On paper, submit your answers to the following.
- Think back to the plain old simple binary search trees (BSTs) as
you saw then in your Data Structures course: these were just binary
search trees where each node contained a key value, and two
pointers. Answer each of the following questions with a sentence or
two of explanation.
- Are BSTs an ordered index (as your DB textbook defines an
ordered index)?
- Are BSTs, as you saw them, sparse or
dense?
- In a DB context, one also makes the
distinction between primary and secondary indices. Explain why
this distinction doesn't fit well into BSTs as they are
typically presented in a Data Structures class.
- Index-sequential files, also known as ISAM, are
wonderful for doing lookups on large databases that don't change
much. Suppose that we build an ISAM on a sorted file where each page
in the index has room for 20 search keys and pointers. Suppose that
the sorted file itself is sequential on disk, that every page in
that file is completely filled, and that records within this file
have a fixed width.
- If the sorted file itself has 30,000 pages in
it, how many levels will the ISAM have (not including the sorted
file itself)? Give me a number, but also give me the short
mathematical formula that enables you to determine that
answer.
- Based on your answer above, how many disk
accesses are needed (i.e., how many pages must one retrieve) to
obtain a record with a specific search key? (Note, to follow an
FAQ I'm getting: technically, one doesn't know for sure how many
disk access are necessary, because a page that you're looking for
may coincidentally be in the buffer pool. This whole issue can be
simplified by focusing instead on the question "How many pages
must be retrieved?" For purposes of this task, simply answer that
question instead, or alternatively assume that any pages you try
to access are not already in the buffer pool. (Both of these
interpretations amount to the same thing.)
- As a continuation of the previous question,
suppose that I proposed ISAM as a new topic to be discussed in a
Data Structures course. In Data Structures, it is always assumed
that all data fits in memory. So instead of a sorted file of
records, let's instead assume that I have a sorted array of
records. I then create an ISAM on that arary where each node in
the ISAM has 20 search keys and pointers.
- Since everything is now in memory, there's no
need to discuss pages or blocks. (I carefully chose the word
"node" above instead of "page.") Suppose that the lowest level of
my in-memory ISAM contains 30,000 nodes, to be consistent with the
previous example. How many nodes in the ISAM must be accessed in
order to reach an actual record in the array?

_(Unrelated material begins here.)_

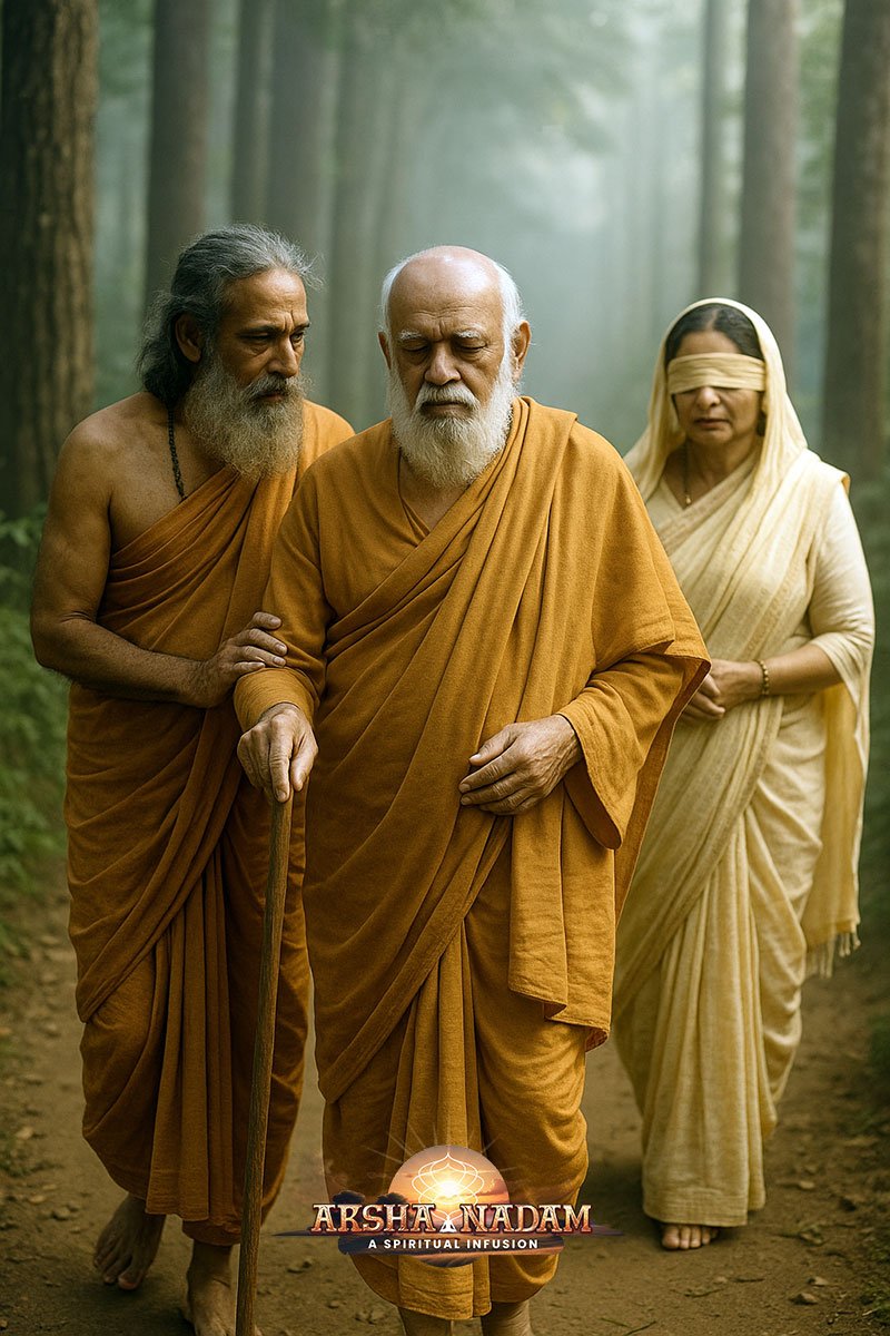 Dhritarashtra, once blinded by ambition and family bonds, now awakens to the call of inner renunciation and silently walks away into the forest of Gandhara, seeking liberation.

Give me a number,
but also give me the short mathematical formula that enables you
to determine that answer.
- In general, if I have an in-memory ISAM with n
nodes at the bottom level and k records per page, what would be my
big-O estimate of the amount of work to find a particular record
in the array based on its search key?
- The previous question hopefully pointed out a
gaping hole in the ISAM approach we've discussed: it never came up
at all what algorithm we use to find a particular search
key within an ISAM node. Why? The technique you choose to
use is critical to your answer to the previous question.
- Here's a related followup question: in this
course, we seem to be emphasizing trees with wide fan-out (many
children). In Data Structures, one typically emphasizes trees with
only 2 children (though there is a balanced tree algorithm with 3
children.) Why the dramatic distinction? If so many children work
well in databases, why not do it for in-memory algorithms
also?